Table 8. Supported problem type for the eigensolvers
Solver Position of spectrum Problem type

Power

Largest magnitude

any

Lapack

any

any

Subspace

Largest magnitude

any

Arnoldi

any

any

Lanczos

any

standard and generalized Hermitian

Krylov-Schur

any

any

Arpack

any

any

Special cases of spectrum

Computing a large portion of the spectrum

In the case where you want compute a large number of eigenpairs, the rule for ncv implies a huge amount of memory to be used. To improve the performance, you can set the mpd parameter, which will limit the dimension of the projected problem.

You can set it via the command line with --solvereigen.mpd <mpd>.

Computing all the eigenpairs in an interval

If you want to compute all the eigenpairs in a given interval, you need to use the option --solvereigen.interval-a to set the beginning of the interval and --solvereigen.interval-b to set the end.

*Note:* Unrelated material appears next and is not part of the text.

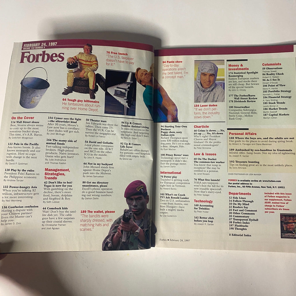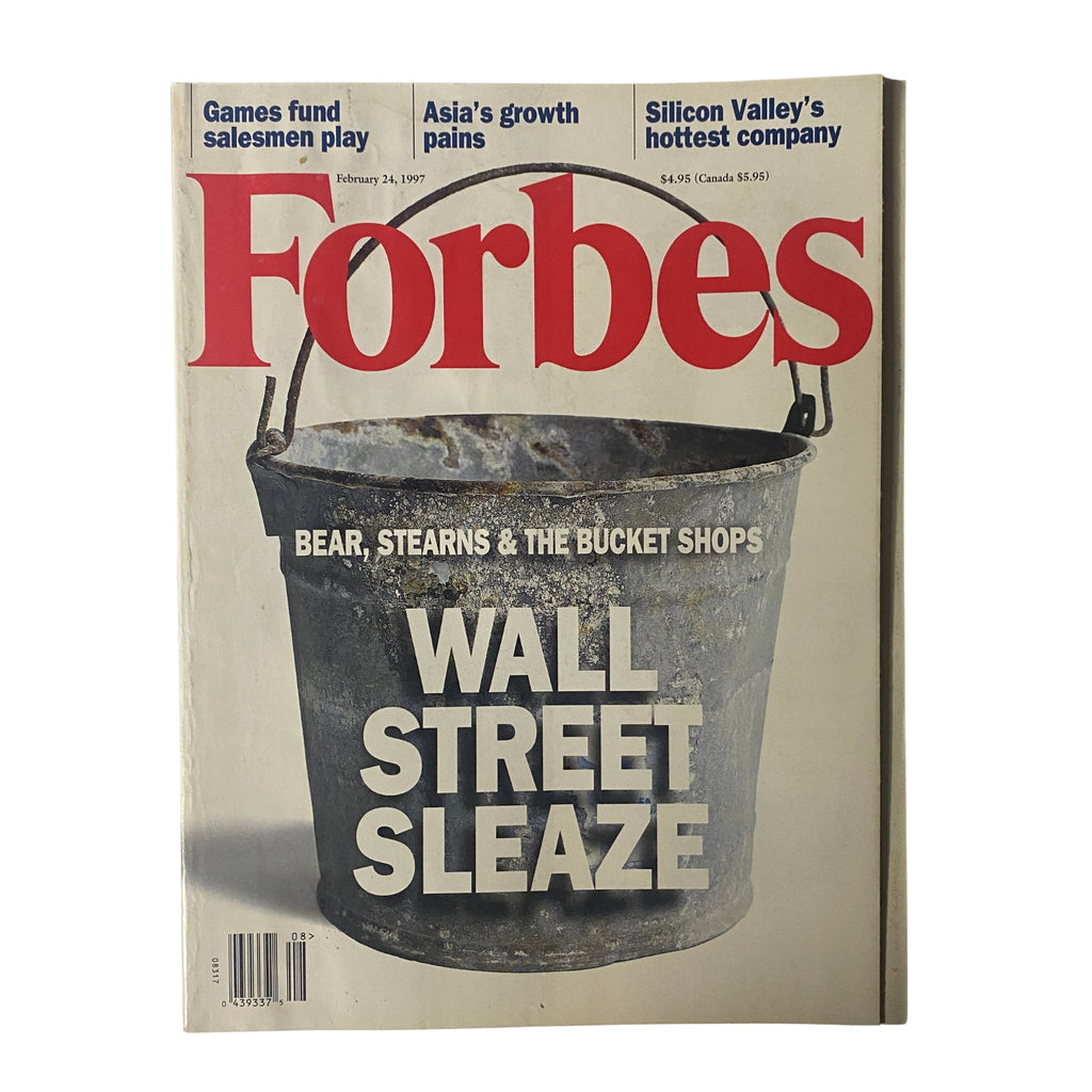 This February 24, 1997 issue of Forbes investigates “Wall Street Sleaze,” a hard-hitting exposé on Bear Stearns and its ties to notorious brokerage houses. The issue also spans topics from Asian infrastructure and corruption to the rise of laser technology, mutual fund pitfalls, and the seamy side of telephone directories.

In this case, be aware that the problem need to be generalized and hermitian. The solver will be set to Krylov-Schur and the transformation to shift and invert. Beside, you’ll need to use a linear solver that will compute the inertia of the matrix, this is set to Cholesky, with mumps if you can use it. + For now, this method is only implemented in the eigs function.